Latrán No. 42
Description of the Building:
Three story building on a narrow plot of trapezoid-shaped land on a slope under the castle rock. There is a two story courtyard building beyond the narrow transversally situated courtyard.
The brisolit facade is from the first third of the twentieth century, by its lisene framing, ribbon-shaped decoration around the windows and sill filling reminiscent of nineteenth century Classicism. The front has three axes. The entrance is on the left of the ground floor and there is a stairway leading into the shop on the right. The ridge of the double-pitched roof covered with eternit is parallel with the street.
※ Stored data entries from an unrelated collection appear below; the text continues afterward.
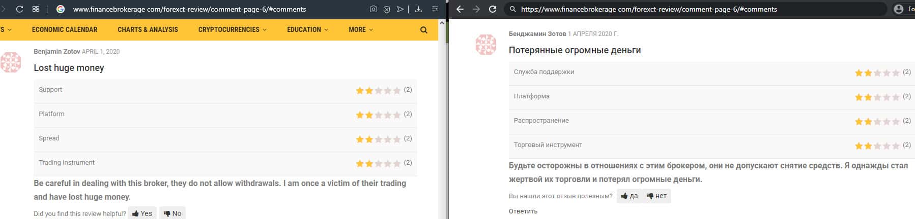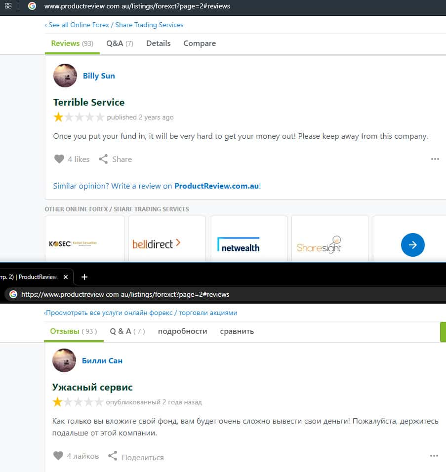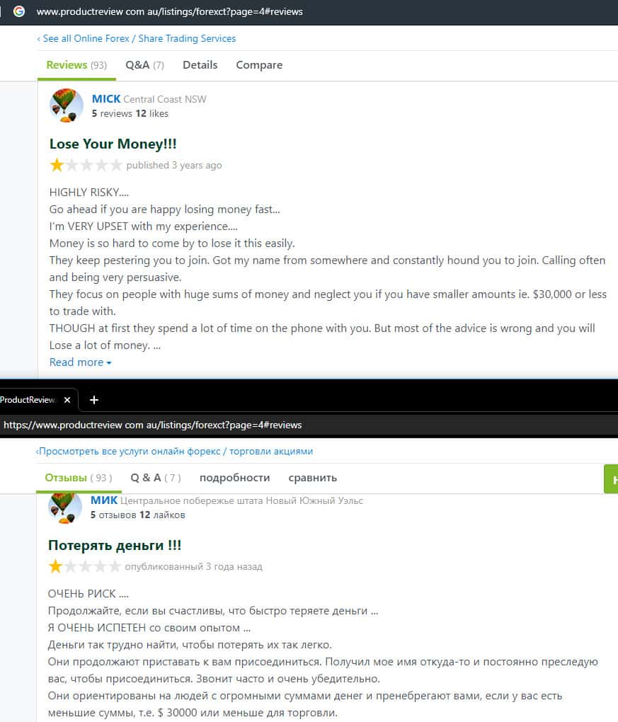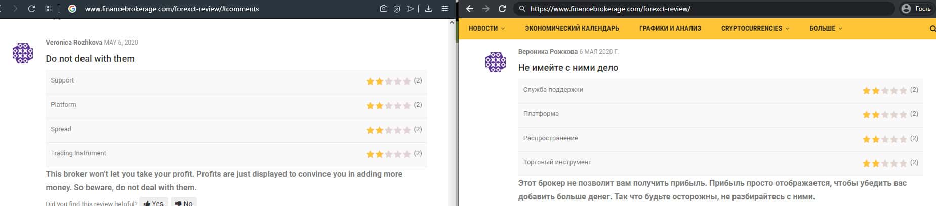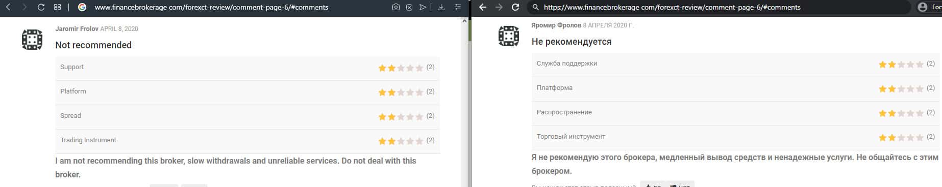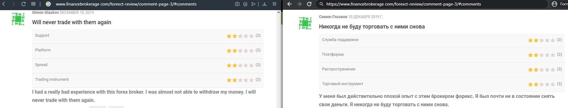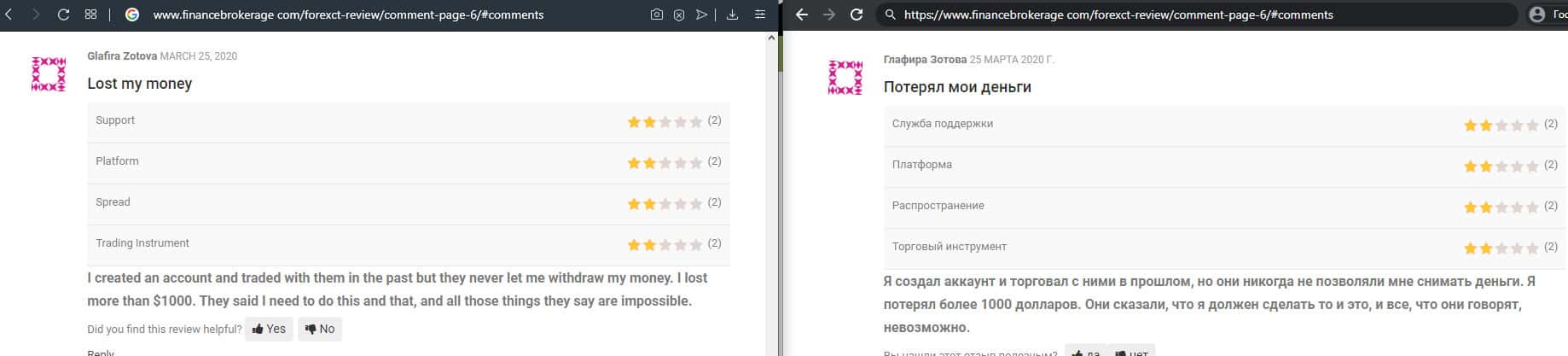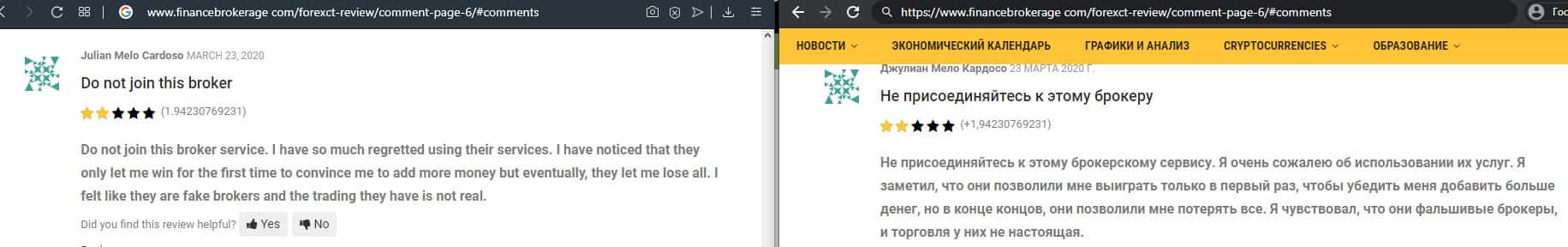 - Негативный отзыв о работе мошенников ForexCT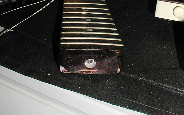 El agujero de acceso al alma es idéntico al que ya vimos más arriba de la U2 y se ajusta con una llave allen que, buen detalle, suministra el fabricante (también suministra la llave de ajuste de las silletas). Para arreglar el "backbow" hay que aflojar el alma y tal fué mi sorpresa al ver que al primer 1/8 de vuelta de la tuerca el alma quedó completamente floja... para volver a apretarse si seguía aflojando, esto es, el alma es de tipo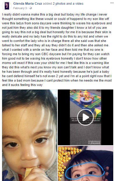 Glenda Maria Cruz membagikan pengalamannya di Facebook bahwa anak laki-lakinya yang berusia 1 tahun mengalami hal yang sama. Staf daycare berpikir bahwa alis sang anak sebaiknya dicukur.
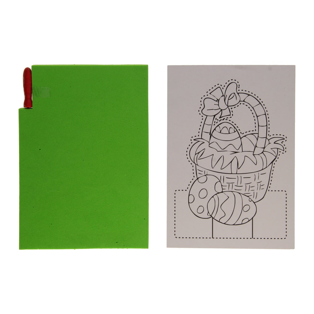 Prikblokset in Paasthema met prikpen, prikvilt en verschillende illustraties met priklijnen.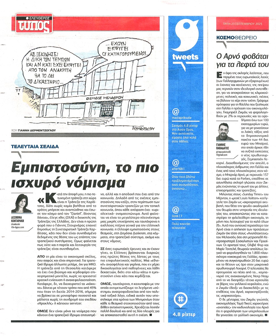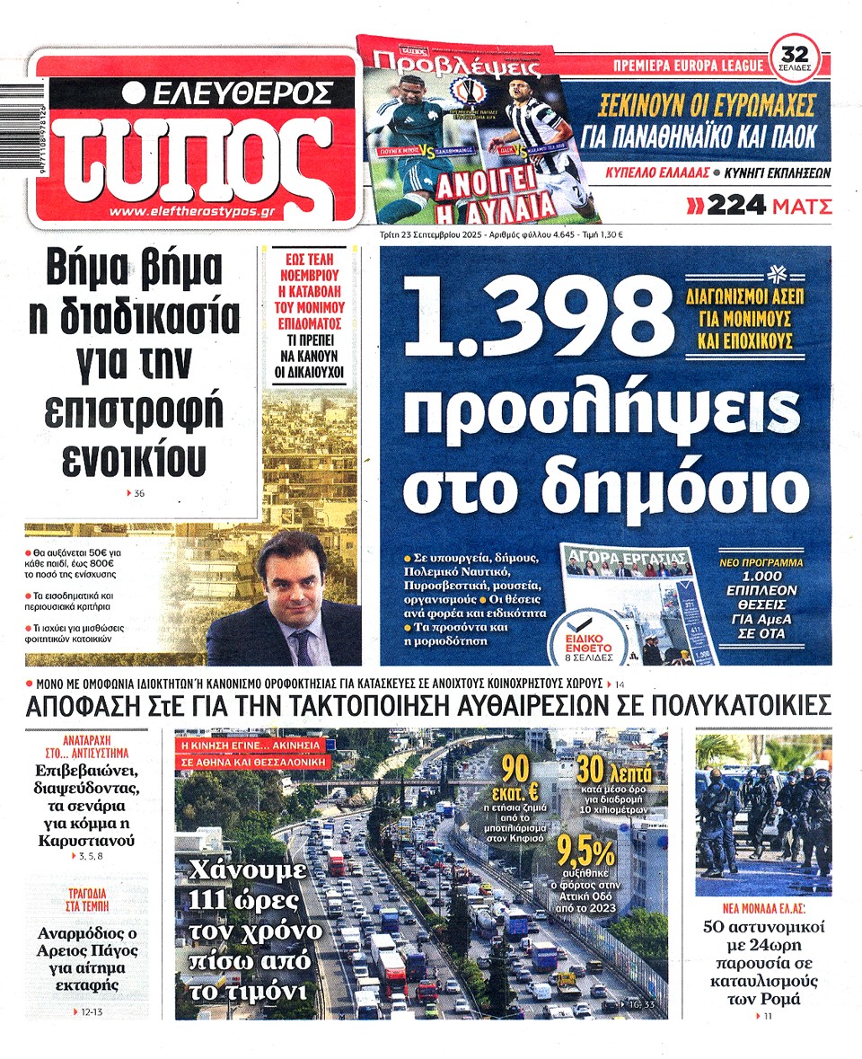 ΕΛΕΥΘΕΡΟΣ ΤΥΠΟΣ - 23 Σεπτεμβρίου 2025

The roof above the courtyard and the courtyard building is flat and used to serve as a terrace.
The only cellar is on the right side near the street, only partially embedded in the terrain. It has stone walls and barrel vaulting finished with bricks. The left side of the ground floor contains a barrel vaulted entrance corridor with several aligning steps and entrances to the cellar and courtyard continuing as stairs with a broken central line leading to the second story. The commercial space (shop) with a vaulted carrel along the entire right wall has a plain ceiling with a richly decorated Baroque mirror on the ceiling. Beyond the shop, there is a barrel vaulted room with an asymmetrical floor plan, originally perhaps a black kitchen.
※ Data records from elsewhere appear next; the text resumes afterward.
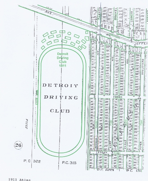 The first Detroit Driving Club, also known as the Hamtramck Racetrack, was founded in 1832 at Jefferson and Van Dyke, in Hamtramck Township. The Detroit Driving Club organization was founded in 1884 by D. J. Campau, Jr., for the purpose of promoting horse racing. Daniel was the grandson of one of the original settlers, Joseph Campau, who controlled large tracts of real estate. In 1894, the long established Hamtramck track was relocated to Campau’s property in the Fairview area of Grosse Pointe Township. The new Detroit Driving Club usually ran sulkies or harness racing as well as thoroughbred- racing. The inaugural race was held on July 17, 1894, and the final day of racing activity for this track was August 5, 1911. The entrance to this well-built facility, designed by noted Detroit architect Mortimer Smith, was at Algonquin and Jefferson. The southern limit of the track was at what is now Essex Avenue. This facility had a 5,000 seat covered grandstand, a 3 storey Victorian clubhouse, 17 horse barns that held 25 horses each in comfort, an electrical power house, a caretakers house, a club secretary residence, and even a wharf for steamboats to tie up at the river to deliver spectators. They could also take the Citizens Street Railway street car from Detroit up to the brick-paved entrance into the track.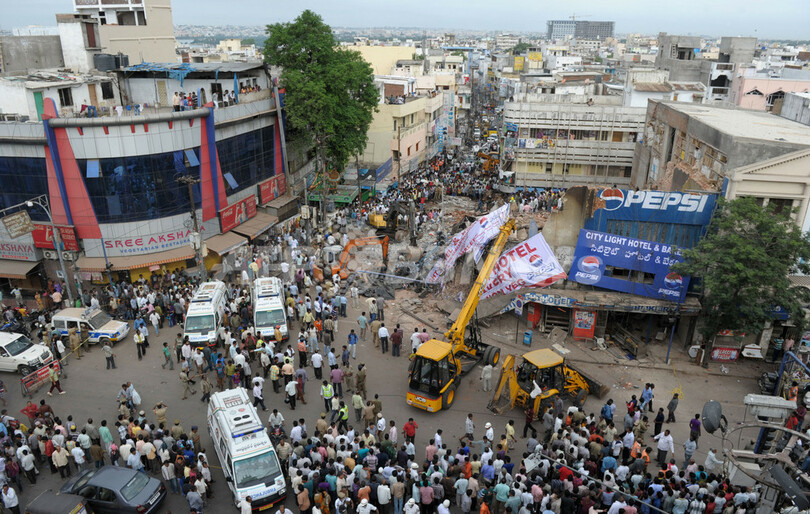 また別の警察関係者によると、セクンデラバードの交通量の多い通りにあるこのホテルでは、事故発生当時25人ほどが勤務中で、まず厨房の壁が崩れ、それが引き金になってより大規模な倒壊が起き、従業員やその他の人々が生き埋めになったという。また、「近所で働いている人々によると、この建物は非常に古く、壁には亀裂が走っていた」ことも明らかにした。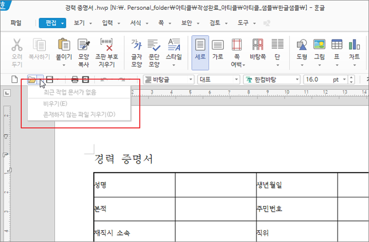 ▼ 결과는 다음과 같습니다. 최근 사용 문서를 모두 삭제했습니다. 하지만 한글을 다시 시작하면 이전 작업 문서는 목록에 나타납니다. 영구히 최근 사용 문서를 화면에 표시하지 않기 위해서는 설정을 변경해야 합니다.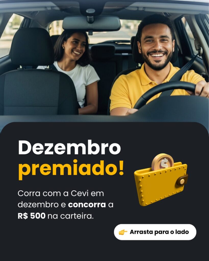 O fim de ano chegou com uma super novidade para quem corre com a Cevi! Durante todo o mês de dezembro, vamos premiar nossos usuários com R$ 500 em créditos na carteira Cevi — e o melhor: tanto o passageiro quanto o motorista ganham!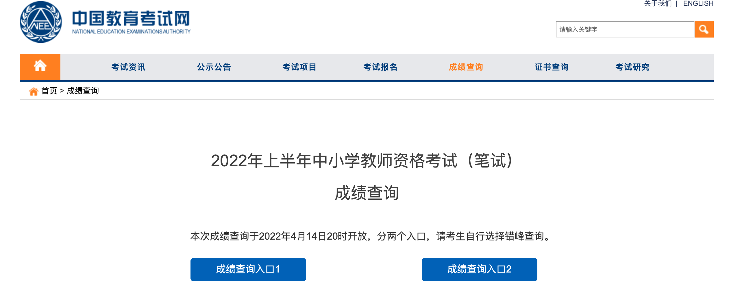 2022年上半年中小学教师资格考试(笔试)成绩今日可查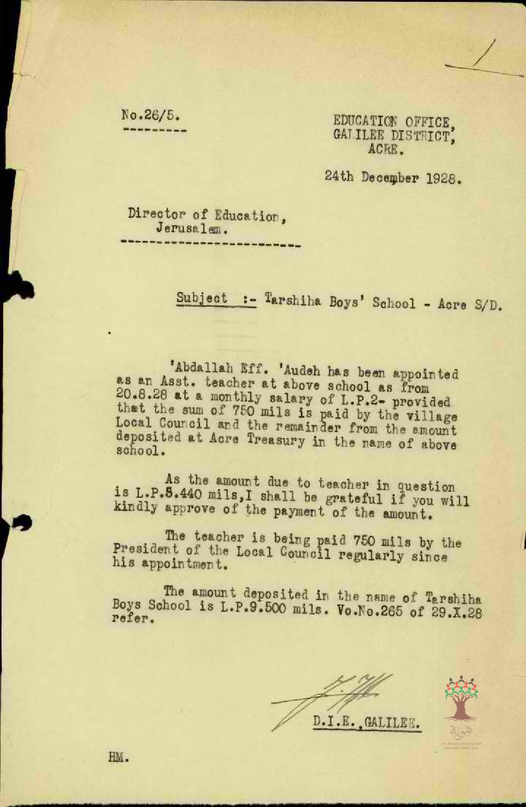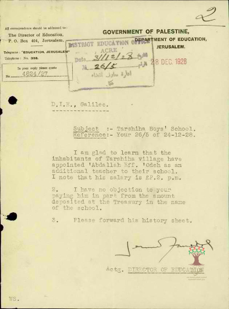 تعيين المعلم عبد الله عودة في مدرسة ترشيحا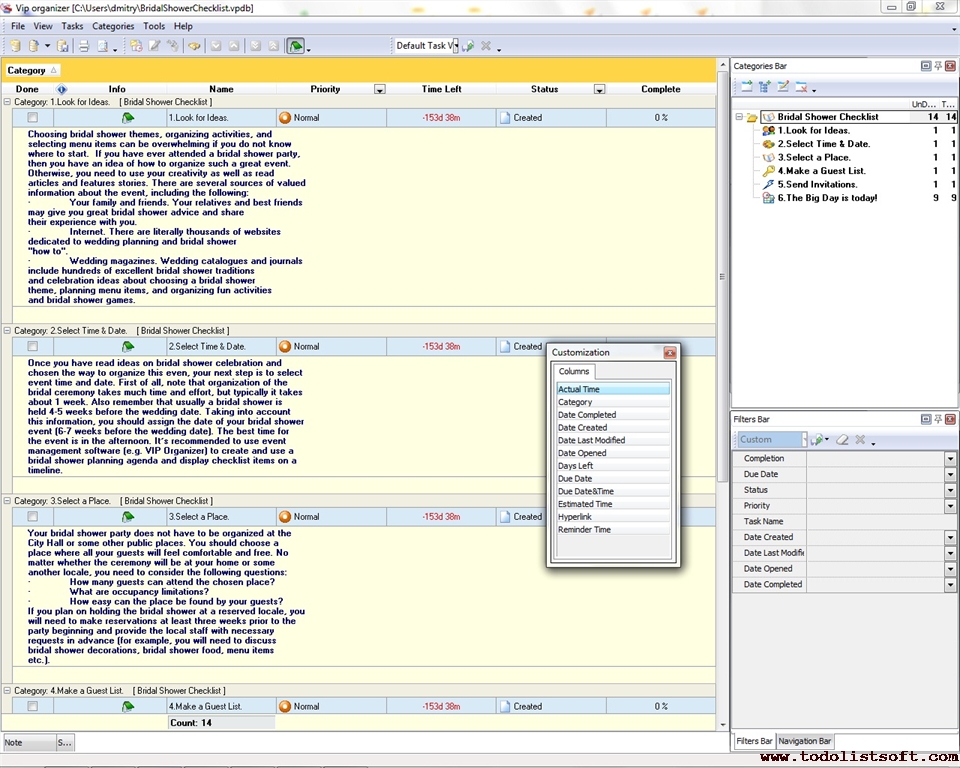 Wedding Planning Checklist is a 'to do list' for you to avoid wedding fuss. Use this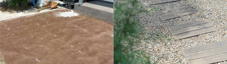 ① 防草シート+砂利で雑草を抑制

The main living quarters on the second story near the street have a plain ceiling, there is the same carrel on the wall but it is deeper and has an asymmetrical segmental funicular arch. The second, smaller part of the house near the courtyard has a beam ceiling with plaster between the beams. On the right side beyond a vaulted entrance, there is a former black kitchen with a plain ceiling.
The interior layout of the third story is identical, with plain ceilings and no remarkable features. Only the former black kitchen is in a small separate room and has a rising barrel vault. Collar beam truss has a standing wooden saddle. The gables are made of bricks.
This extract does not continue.